The real irony of this is that for most people a handgun is not the best home-defense choice. I used to do some heavy consulting on home defense, and, in 99 out of 100 cases, recommended against them.

But that has nothing to do with our constitutional right to own and bear arms.

>it was a victory for the second amendment<

I'd say, rather, that it was a victory for the Constitution.


----------



## deltadoc (Aug 15, 2004)

All I can think to say, someone greater than myself already sang them:

...Pointed threats, they bluff with scorn
Suicide remarks are torn
from the Fool's gold mouthpiece
The hollow horn plays wasted words
Proves to warn
Than he not busy being born
Is busy dying.

Temptation's page flies out the door
You follow, find yourself at war
Watch waterfalls of pity roar
You feel to moan but unlike before
You discover
That you'd just be
One more person crying.

So don't fear if you hear
A foreign sound to your ear
It's alright Ma, I'm only sighing.

As some warn victory, some downfall
Private reasons great or small
Can be seen in the eyes of those that call
To make all that should be killed to crawl
While others say don't hate nothing at all
Except hatred.

...But it's alright, Ma, it's life and life only.


dylan


----------



## tacotaco (Jun 23, 2008)

_*A well regulated Militia, being necessary to the security of a free State, the right of the people to keep and bear Arms, shall not be infringed.

*_if you notice, there is a comma after "a free State", the comma moves it onto the next point which is the right of the people to keep and bear arms.

There is no requirement for a well regulated militia to own a gun.


----------



## kyheirloomer (Feb 1, 2007)

Taco, the whole pro/con gun issue boils down to that question.

There is just enough abigbuity in there for the antis to use it as their rationale. What they claim is that 1. Gun ownership is not an absolute right because a restrictive reason is given for it, and, 2. that reason no longer prevails (see JBD's post below, for instance, where he argues that very thing), and therefore, 3. there is no need for personal gun ownership, or at least no right to it.

That, essentially, is what's behind the dissenting vote of the other three Justices.
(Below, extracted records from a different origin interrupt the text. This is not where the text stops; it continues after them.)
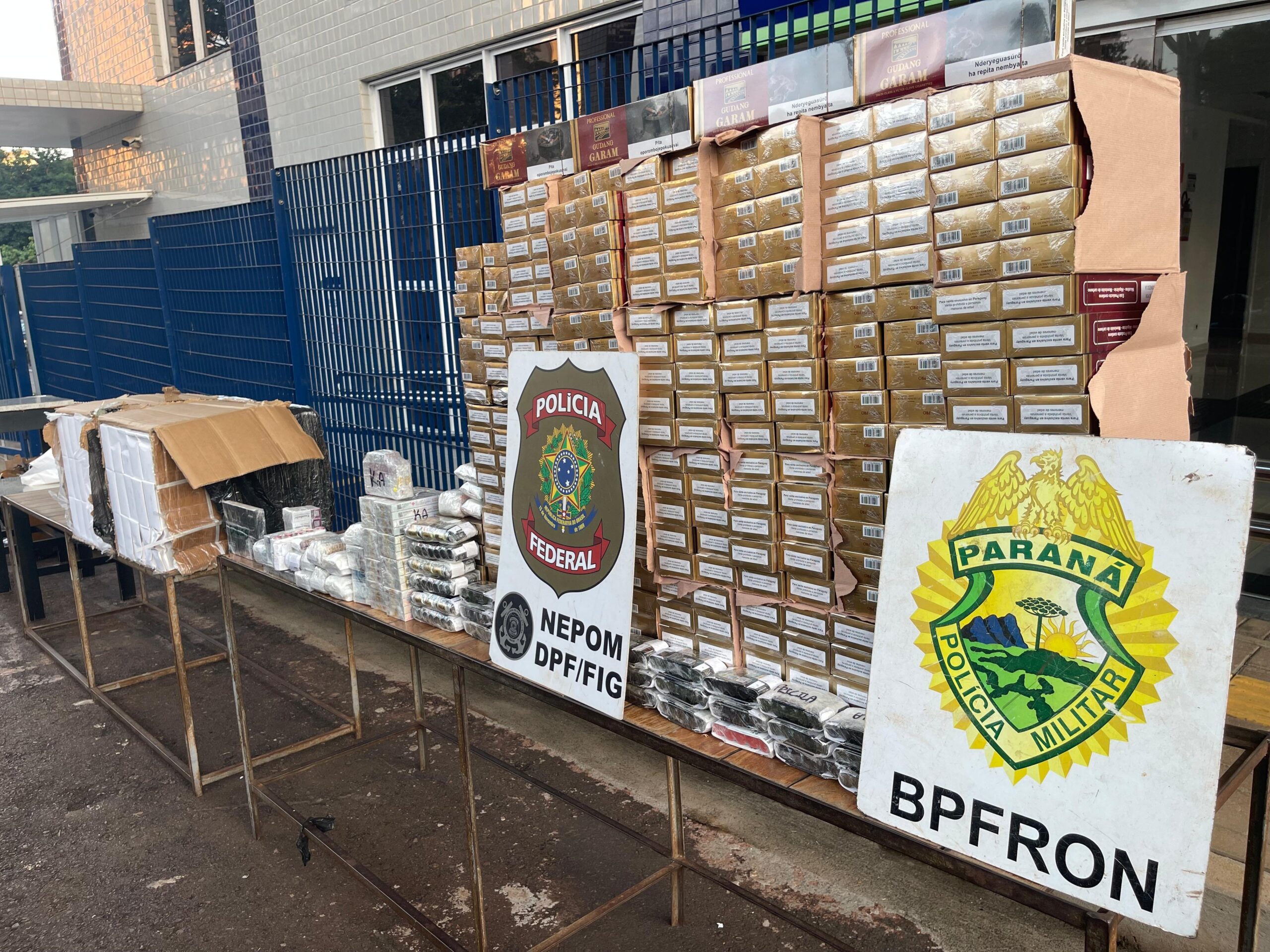 No interior do Fiat Siena, foram encontrados cinco volumes contendo cigarros, óculos e anabolizantes. O veículo e os produtos apreendidos foram encaminhados à Receita Federal para as medidas legais cabíveis.
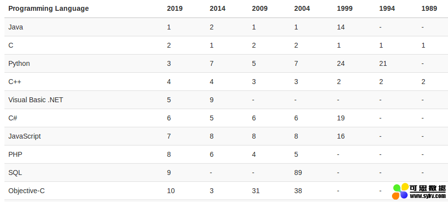 用于对编程语言进行排名的 TIOBE 指数基于搜索引擎的搜索结果。在 TIOBE 指数中, Java 在过去二十年中一直占据主导地位,C 在过去三十年里也一直保持着第一或者第二的位置。而在过去的二十年里, Python 的排名飞速增长,从 1999 年的第 24 名,到 2019 年的第 3 名。
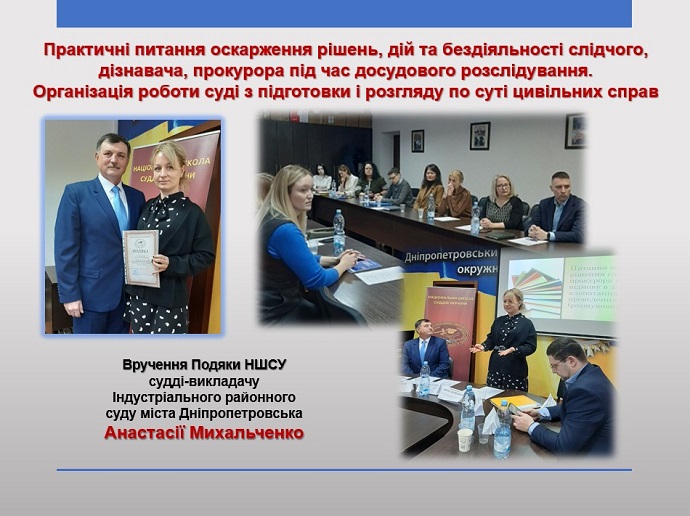 Наприкінці семінару суддям-викладачам було вручено Подяку Національної школи суддів України, а слухачам – Сертифікат НШСУ.

They are saying that the right of gun ownership is not absolute, because of the above reason, and that, furthermore, home defense is best left to the professionals (i.e., the police).
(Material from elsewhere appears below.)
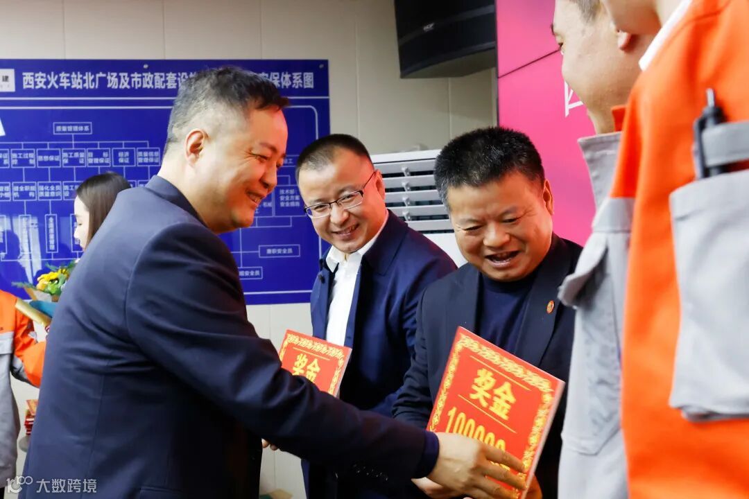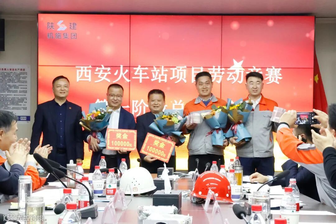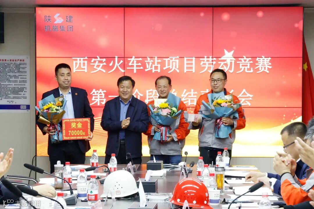 于宗让、徐永宏、贾新发及各部门负责人和项目部负责人分别为获得劳动竞赛第一阶段优秀建设单位的第十工程公司、第四工程公司颁发证书及奖金各10万元,为第六工程公司颁发证书及奖金7万元;为获得先进个人奖的常瑞、卢江涛、宁和松、马振兴、刘翔等10名职工分别颁发证书及奖金各3000元;为获得优秀建设者的任志勇、陈军差、曲将足、范歌鹏、刘明明、王明明等10人分别颁发证书及奖金。
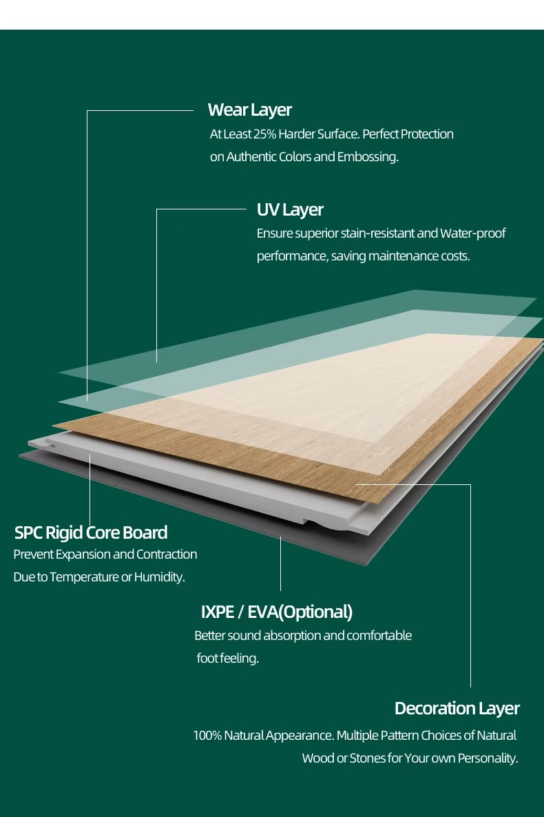 La capa resistente al desgaste de la superficie del piso SPC es una capa resistente al desgaste transparente de procesamiento de alta tecnología, su rotación resistente al desgaste puede alcanzar aproximadamente 10000 rpm.

While I disagree with that interpretation, I have no kick with the Justices themselves. That's their sincere interpretation of the 2nd amendment. They are, in short, doing what they get paid for.

If Justice Breyer had joined the majority dissent, or if he'd offered a minority opinion based on a different interpretation, I'd have no problem with him, either.

But that's not the case. My problem is that the minority dissent is not a question of interpretation. It's a question of arrogance. He is saying, "sure, the founding fathers said XYZ. But I know better than they do. And we should do it my way instead."

Well, if Justice Breyer wants to _change _the law rather than _interpret_ it he needs to retire his robe and run for the legislature. That's where laws are made, and where the Constitution specifies it's own articles can be "touched."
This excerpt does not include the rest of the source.